-- Entries shown follows --

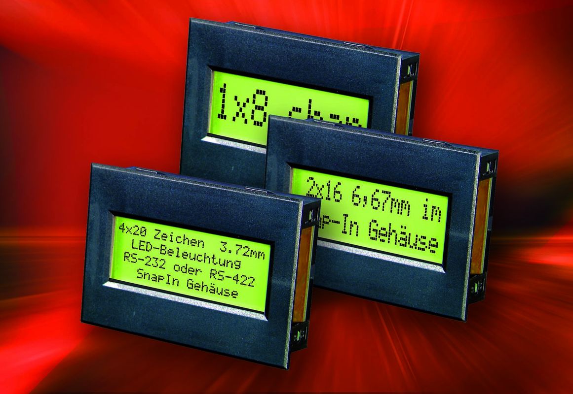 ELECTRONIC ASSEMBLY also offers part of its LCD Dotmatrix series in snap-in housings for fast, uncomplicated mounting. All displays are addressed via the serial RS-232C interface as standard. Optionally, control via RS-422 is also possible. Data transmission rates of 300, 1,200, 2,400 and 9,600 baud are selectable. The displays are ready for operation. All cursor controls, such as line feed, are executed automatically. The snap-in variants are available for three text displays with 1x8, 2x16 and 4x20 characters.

-- Entries shown concluded --
-- Entries shown follows --

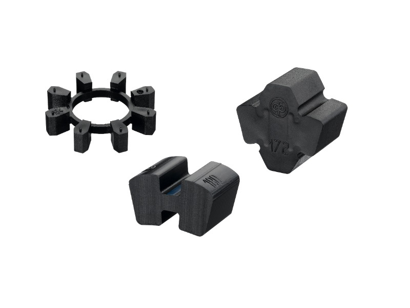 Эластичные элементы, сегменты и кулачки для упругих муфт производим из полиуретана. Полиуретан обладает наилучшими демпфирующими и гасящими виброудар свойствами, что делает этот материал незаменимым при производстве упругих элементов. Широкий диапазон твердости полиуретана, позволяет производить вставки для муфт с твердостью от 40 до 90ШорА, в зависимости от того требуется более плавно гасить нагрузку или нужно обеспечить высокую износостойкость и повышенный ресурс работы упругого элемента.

-- Entries shown concluded --
-- Entries shown follows --

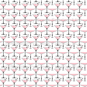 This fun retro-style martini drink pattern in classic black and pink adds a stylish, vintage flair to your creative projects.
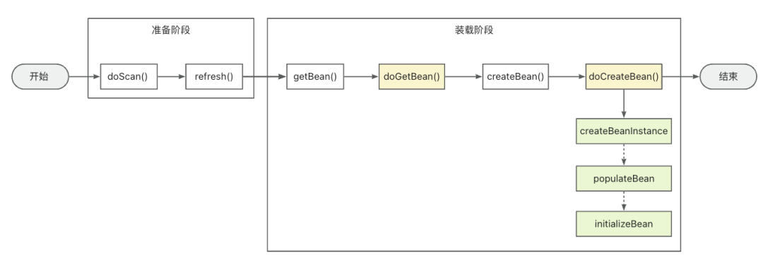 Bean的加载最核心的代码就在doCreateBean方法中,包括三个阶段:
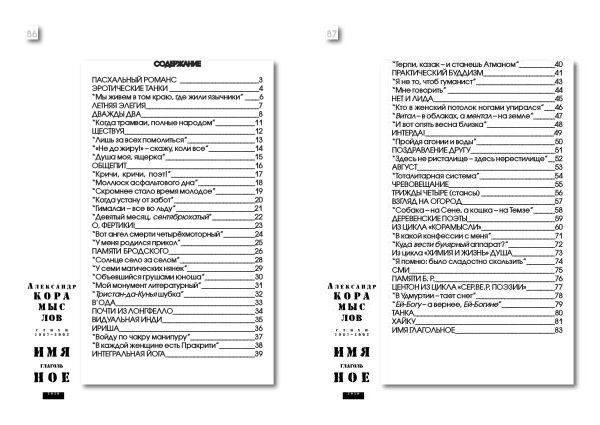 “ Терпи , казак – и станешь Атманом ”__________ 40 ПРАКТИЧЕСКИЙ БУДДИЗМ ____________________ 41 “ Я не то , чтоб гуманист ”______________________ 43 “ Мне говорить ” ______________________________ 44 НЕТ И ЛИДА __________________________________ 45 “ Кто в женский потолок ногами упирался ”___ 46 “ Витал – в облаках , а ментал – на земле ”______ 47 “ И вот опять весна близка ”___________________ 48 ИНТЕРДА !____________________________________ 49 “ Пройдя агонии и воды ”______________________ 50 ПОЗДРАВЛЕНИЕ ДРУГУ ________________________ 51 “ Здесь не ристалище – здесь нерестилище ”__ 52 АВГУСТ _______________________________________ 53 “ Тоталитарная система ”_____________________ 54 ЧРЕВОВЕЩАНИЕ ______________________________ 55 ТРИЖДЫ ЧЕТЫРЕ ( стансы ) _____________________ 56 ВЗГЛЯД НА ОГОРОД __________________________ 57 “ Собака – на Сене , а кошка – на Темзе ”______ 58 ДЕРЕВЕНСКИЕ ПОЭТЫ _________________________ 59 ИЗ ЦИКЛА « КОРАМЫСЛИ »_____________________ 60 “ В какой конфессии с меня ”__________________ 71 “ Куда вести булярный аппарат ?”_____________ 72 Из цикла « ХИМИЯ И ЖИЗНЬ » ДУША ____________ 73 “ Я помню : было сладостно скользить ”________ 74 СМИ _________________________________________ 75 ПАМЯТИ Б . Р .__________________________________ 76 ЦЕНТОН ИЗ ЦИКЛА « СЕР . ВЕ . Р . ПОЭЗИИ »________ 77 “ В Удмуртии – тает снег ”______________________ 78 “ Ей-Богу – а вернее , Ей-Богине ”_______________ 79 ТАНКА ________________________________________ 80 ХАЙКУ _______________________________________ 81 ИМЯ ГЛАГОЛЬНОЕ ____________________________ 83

-- Entries shown concluded --

Exercise for the records above: copy only the lines from the one with "This fun retro-style" to the one with "ГЛАГОЛЬНОЕ ____________________________ 83", both ends kept, and drop the pictures.

 This fun retro-style martini drink pattern in classic black and pink adds a stylish, vintage flair to your creative projects.
 Bean的加载最核心的代码就在doCreateBean方法中,包括三个阶段:
 “ Терпи , казак – и станешь Атманом ”__________ 40 ПРАКТИЧЕСКИЙ БУДДИЗМ ____________________ 41 “ Я не то , чтоб гуманист ”______________________ 43 “ Мне говорить ” ______________________________ 44 НЕТ И ЛИДА __________________________________ 45 “ Кто в женский потолок ногами упирался ”___ 46 “ Витал – в облаках , а ментал – на земле ”______ 47 “ И вот опять весна близка ”___________________ 48 ИНТЕРДА !____________________________________ 49 “ Пройдя агонии и воды ”______________________ 50 ПОЗДРАВЛЕНИЕ ДРУГУ ________________________ 51 “ Здесь не ристалище – здесь нерестилище ”__ 52 АВГУСТ _______________________________________ 53 “ Тоталитарная система ”_____________________ 54 ЧРЕВОВЕЩАНИЕ ______________________________ 55 ТРИЖДЫ ЧЕТЫРЕ ( стансы ) _____________________ 56 ВЗГЛЯД НА ОГОРОД __________________________ 57 “ Собака – на Сене , а кошка – на Темзе ”______ 58 ДЕРЕВЕНСКИЕ ПОЭТЫ _________________________ 59 ИЗ ЦИКЛА « КОРАМЫСЛИ »_____________________ 60 “ В какой конфессии с меня ”__________________ 71 “ Куда вести булярный аппарат ?”_____________ 72 Из цикла « ХИМИЯ И ЖИЗНЬ » ДУША ____________ 73 “ Я помню : было сладостно скользить ”________ 74 СМИ _________________________________________ 75 ПАМЯТИ Б . Р .__________________________________ 76 ЦЕНТОН ИЗ ЦИКЛА « СЕР . ВЕ . Р . ПОЭЗИИ »________ 77 “ В Удмуртии – тает снег ”______________________ 78 “ Ей-Богу – а вернее , Ей-Богине ”_______________ 79 ТАНКА ________________________________________ 80 ХАЙКУ _______________________________________ 81 ИМЯ ГЛАГОЛЬНОЕ ____________________________ 83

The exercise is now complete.